Recorded information =
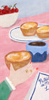 En varm hyldest til Lissabon: en hyggelig bordscene med sort kaffe, friske kirsebær og sprøde pastéis de nata. I en minimalistisk, retro farvepalet inviterer motivet til rolig hverdagsluksus og rejsefeber. Naiv, moderne streg af kunstneren Dirkie Nell, perfekt til køkken, kaffe-krog og mediterran stemning.
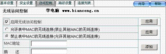 訪問(wèn)控制是通過(guò)MAC地址進(jìn)行管理,有允許和禁止相向來(lái)管理,就好比MAC地址綁定管理一樣。
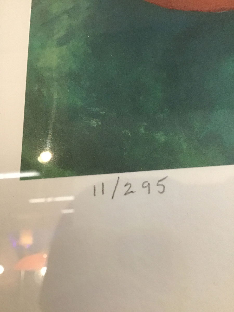 Limited print titled "Potters Pride." Painted by local Seattle artist Alene Rucker, its a limited print with this one numbered 11/295. Print on canvas showing 3 pots in primary colors hanging from a branch. Framed really nicely with the canvas on a brown background, and a simple wood frame.
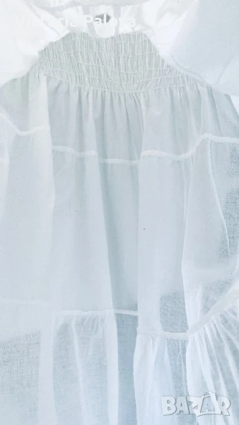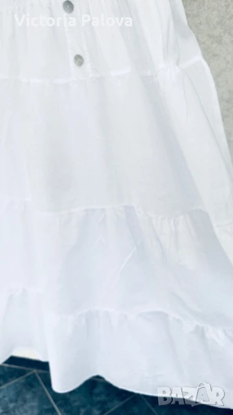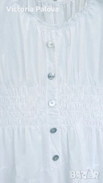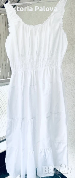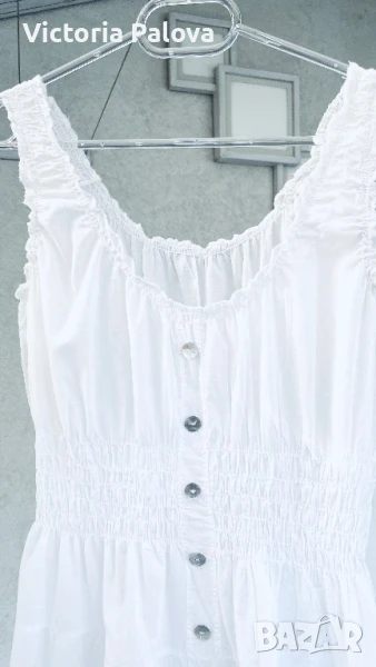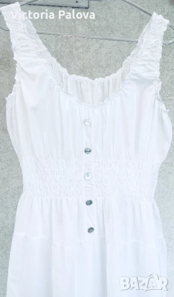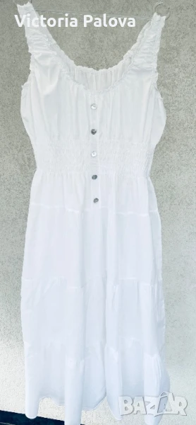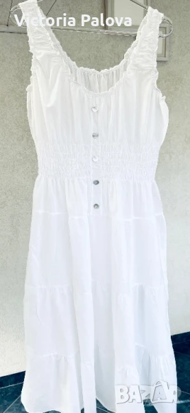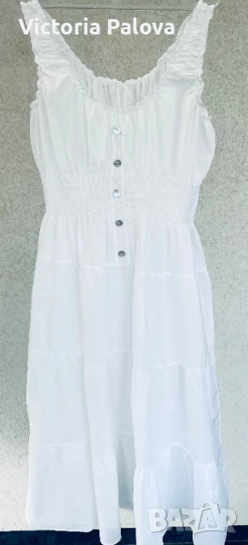 Прекрасна рокля за море, тънък нежен памук, лека и безтегловна, с нежни ластички в талията и презрамки, разтеглива, красиви седефени копчета. ГО - 46-60см, талия -ластици - 38-52см, ханш - 73см, дължина - 116см.

Problem requirements =
With the pictures set aside, copy each line above as written.

Finished exercise =
 En varm hyldest til Lissabon: en hyggelig bordscene med sort kaffe, friske kirsebær og sprøde pastéis de nata. I en minimalistisk, retro farvepalet inviterer motivet til rolig hverdagsluksus og rejsefeber. Naiv, moderne streg af kunstneren Dirkie Nell, perfekt til køkken, kaffe-krog og mediterran stemning.
 訪問(wèn)控制是通過(guò)MAC地址進(jìn)行管理,有允許和禁止相向來(lái)管理,就好比MAC地址綁定管理一樣。
 Limited print titled "Potters Pride." Painted by local Seattle artist Alene Rucker, its a limited print with this one numbered 11/295. Print on canvas showing 3 pots in primary colors hanging from a branch. Framed really nicely with the canvas on a brown background, and a simple wood frame.
 Прекрасна рокля за море, тънък нежен памук, лека и безтегловна, с нежни ластички в талията и презрамки, разтеглива, красиви седефени копчета. ГО - 46-60см, талия -ластици - 38-52см, ханш - 73см, дължина - 116см.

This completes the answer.